Tuesday, April 8, 2014

more from american hotel

the american dream still hooks me, even when i have abandoned the underlying nature of the same semblance of other dreams compiled from american romanticized imagery of european transience.  like that time i was in rome following a ragged cat, and decided to get on a train to civitavecchia to catch the ferry to sardinia. while in the waiting area for the ferry, a fat man with a bird in a cage sat next to me. he stunk the way fat men stink in the summer when they don't shower for awhile. i couldn't take it. so i got up and bought some french cigarettes and a pair of six euro sunglasses to replace the Persol's I bought in Rome two years prior but lost right before I got on the plane, and right before I was separated from my job at the firm back in new york. 
this trip would be different this time. this time i didn't need the nature of the american self to support an identity that i would rather have given up somewhere at JFK.  (funny, people in LA don't dream like this. they dream a western-pacific dream stuffed with an americana that feeds souls to the hungry kids in welfare and meth towns in southern illinois.) but this trip wasn't that different. i was still starved for a few moments to slip away and lay on the beach before shopping for something, then taking snapshots of the mediterranean that i could post to social media back home to prove i had abandoned the american dream. 

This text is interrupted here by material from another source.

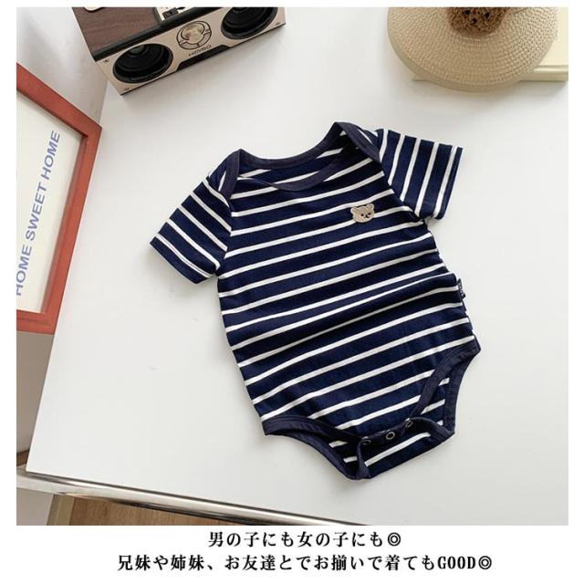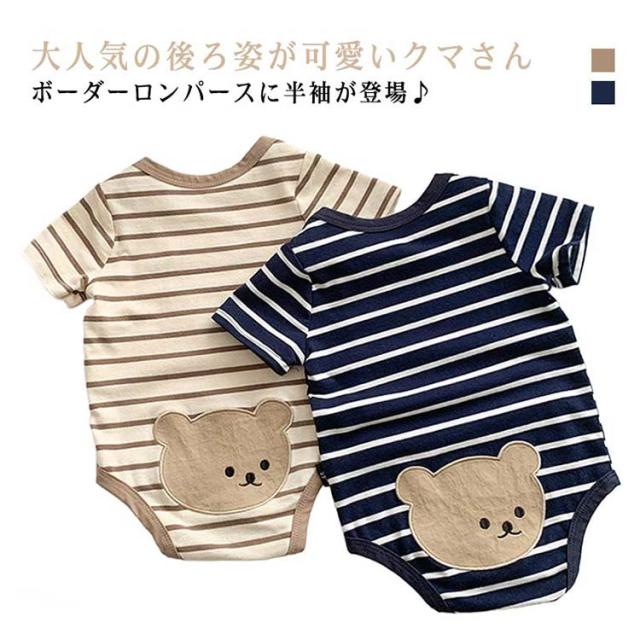 ロンパース 普段着 ボーダー かわいい 赤ちゃん くまさん ボーダーロンパース ボディオール 新生児 男の子 ベビー服 女の子 ベビー おしゃれ 子供服 半袖ロンパース 夏 カバーオール 股ボタン 半袖 肌着 七五三 退院着 出産祝い カジュアル 66 73 80

this worked less well when the pilots arrived fresh from hong kong, pure american blonde ignorance pouring through the ruddy face and flat blue eyes of my friend kyle's co-pilot. he overran the city with drunken midwestern rants and attempted seductions at too young italian girls. i wasn't him. but i couldn't escape the identity complex i tried to abandon.)

i stopped in corsica too. for two days or so, no one i met spoke english. to the corsicans, my deep tan translated into italian (the only other blondes around were germans and dutch who can't tan and only burn). i got through on my choppy italian i picked up from lessons i stole off of an internet filesharing service.  in corte, at the mountain peak town on the island (a lost stretch of the alps),  i hiked up in the dry trails high above a stream and jerked off while staring at the peaks,  shedding off another layer of new york while feeling the rush of wind and burning sun, energized by the anticipation of being spotted by some hikers. afterwards, i got dressed, then hiked back down to the stream, took off my lululemon yoga shorts again, but this time just laid down in the cold water and spit.